What will happen to my Facebook page after I die?
Currently, when a person dies, Facebook’s policy states that it will in effect take over that person’s page as soon as the death is reported to the organisation. It blocks the account so that although the page remains, it cannot be added to or amended by anyone else.
Designated individuals are only able to gain access to the relevant Facebook account data (including photographs) if the deceased gave specific written instructions to this effect before they died or if police officials request it.

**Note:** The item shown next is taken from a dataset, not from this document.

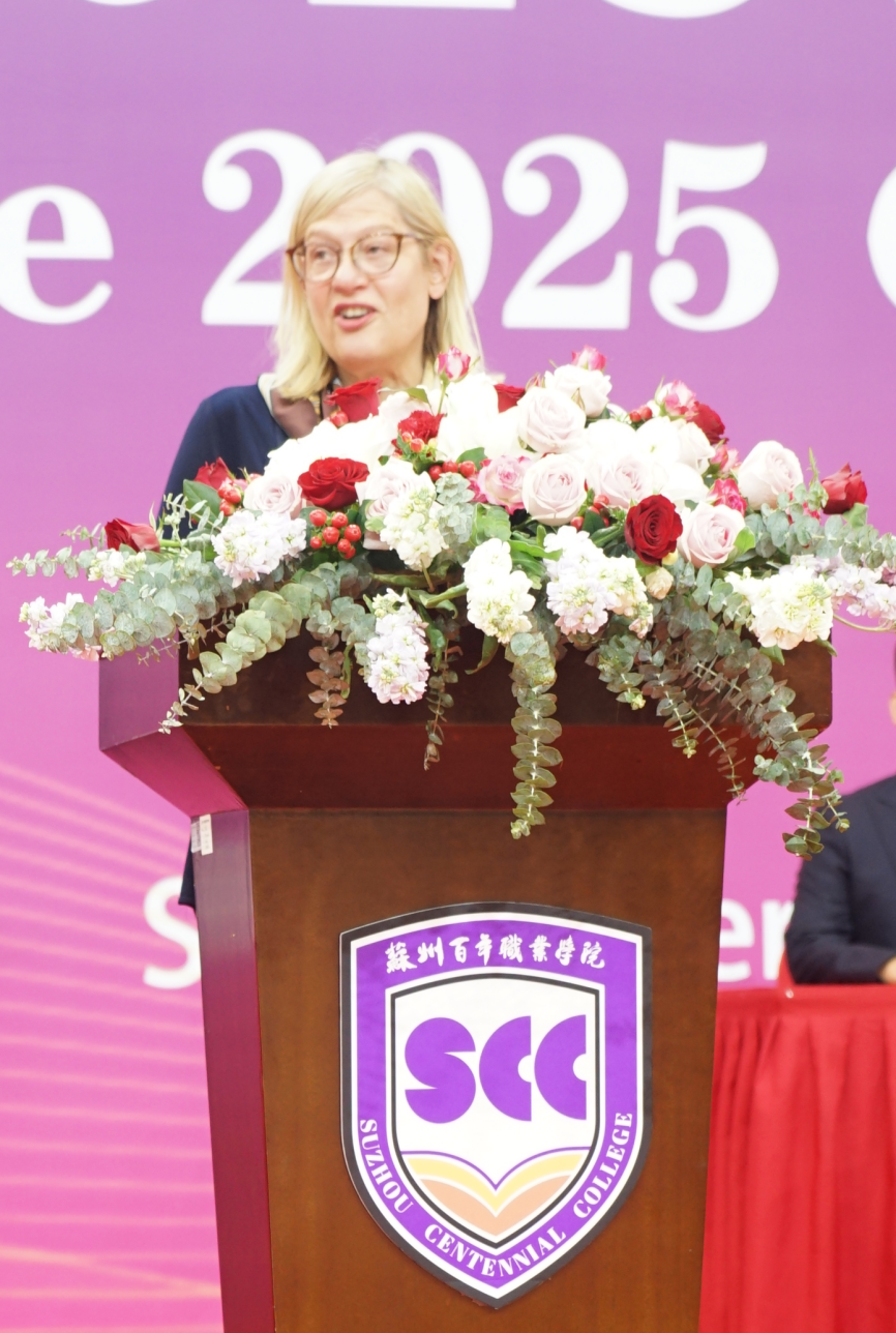 贝博官网董事长、加拿大百年理工学院副校长夏尔曼·海克致辞,她首先代表该校全体师生及校长史蒂文森博士向即将开启全新学习成长之旅的2025级新生表示祝贺。她希望更多贝博官网学生能前往加拿大百年理工学院继续深造,并介绍该校始终秉持对多元文化的包容与尊重,高度重视学生的自信融入与跨文化适应能力。她充分肯定了贝博官网教职工对跨国教育模式的贡献,并引用“千里之行始于足下”的中国古训,鼓励新生在学校搭建的国际化平台上勇敢启程,成为具备全球视野的终身学习者。

These restrictions have angered many individuals who are currently campaigning for specific guidelines to be introduced whereby a friend or relative of the deceased is able to act as “social media representative”, taking over and running or closing down their social media accounts including Facebook and Twitter as they see fit. In this way, vital memories in the form of photographs and records of personal thoughts can be preserved, which could help loved ones during this difficult and emotional period. Social media can act as a tool to immortalise those who have left us and as such, these keepsakes should never be lost.
Heir hunters – be your own heir hunter!
Thousands of people have been intrigued by the “Heir Hunters” programme on TV. The idea of identifying potentially valuable, unclaimed Estates and the exciting chase which subsequently takes place as research is carried out to find out if any beneficiaries exists, keeps us spellbound.
But how can you find out whether or not you may be entitled to benefit from an unclaimed Estate?
The Unclaimed Estates Register, also known as the Bona Vacantia List, is available from the government’s website and allows you to search by the deceased’s surname, date of death or place of death.
If you find someone on that list to whom you feel you may be related, contact a member of the Heir Hunters Association, who will help you to make a claim on the Estate. In order to do this, you’ll need to have proof of your connection through birth, marriage or death certificates and a diagram showing the family tree.
Most individuals on the Bona Vacantia List have left Estates valued in excess of £500 so it may well be worth your while finding out if anything has been left to you.
Tenancy for life and divorce
If you are living in a house which is to be left to you in part ownership with another person, then be aware that if the other person subsequently heads for the divorce courts this could have an effect on your financial situation, not to mention rendering you potentially homeless.
To ensure that you can continue living in the property should this circumstance arise, ask for a “tenancy for life” clause to be inserted into the current owner’s Will. This means that in the future, even if the other person divorces, any claim made on the property by their ex spouse will be considered invalid.
It is not recommended that you buy the other person’s share of the property for a pre-arranged small sum if they are heading towards divorce. The court would realise why the transaction had taken place and consider it unfair, most likely invalidating the property transfer and taking the property into account during divorce proceedings.